START Data

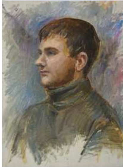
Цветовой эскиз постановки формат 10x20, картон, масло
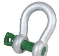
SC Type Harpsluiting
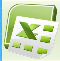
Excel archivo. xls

END Data
START Data

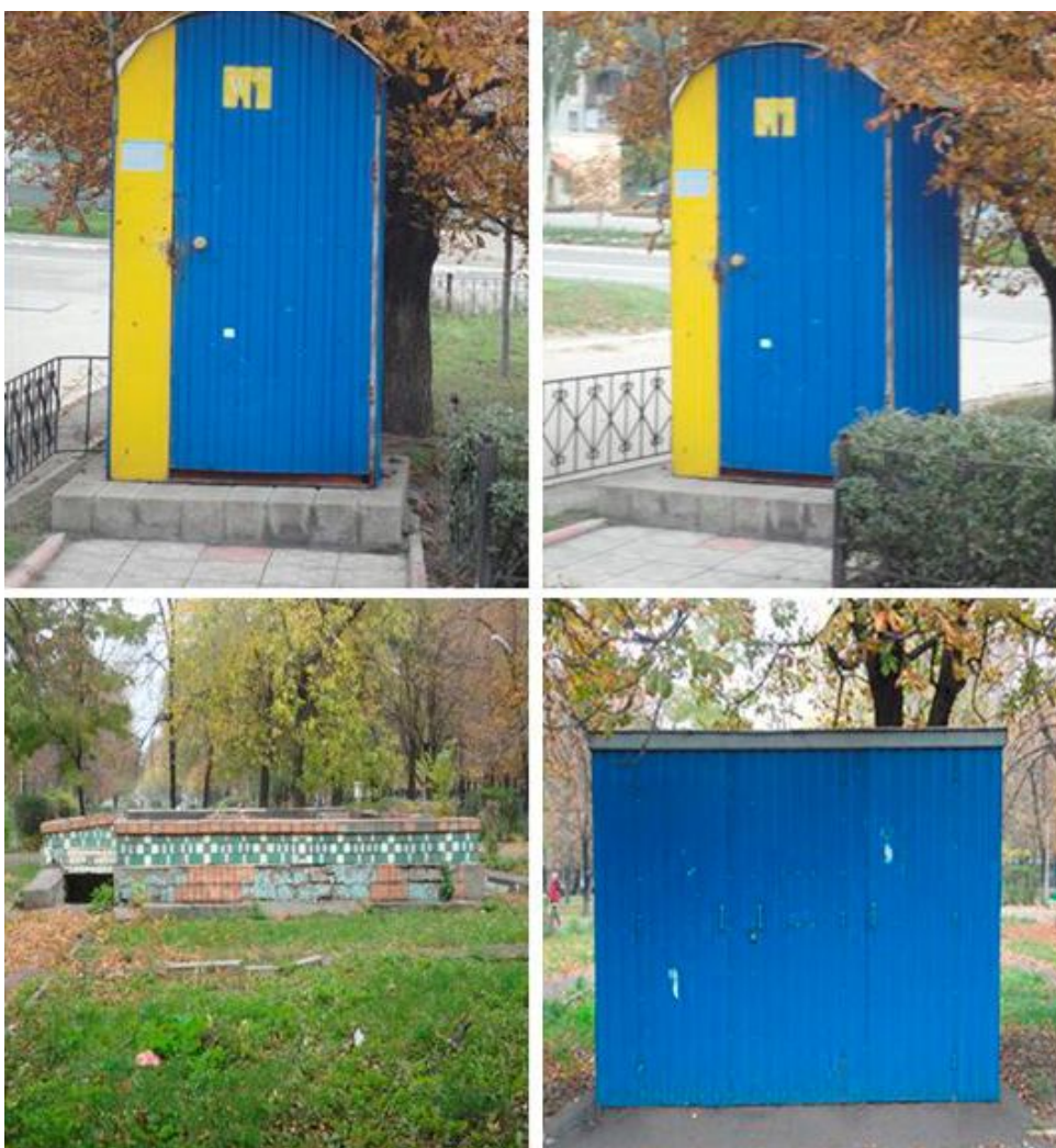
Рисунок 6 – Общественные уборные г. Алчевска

END Data

*Your objective*: Exactly the lines starting at the one above with "Цветовой эскиз постановки" and ending at the one with "Excel archivo. xls" should be printed, and nothing else. Omit the pictures.

*Problem solution*:
Цветовой эскиз постановки формат 10x20, картон, масло
SC Type Harpsluiting
Excel archivo. xls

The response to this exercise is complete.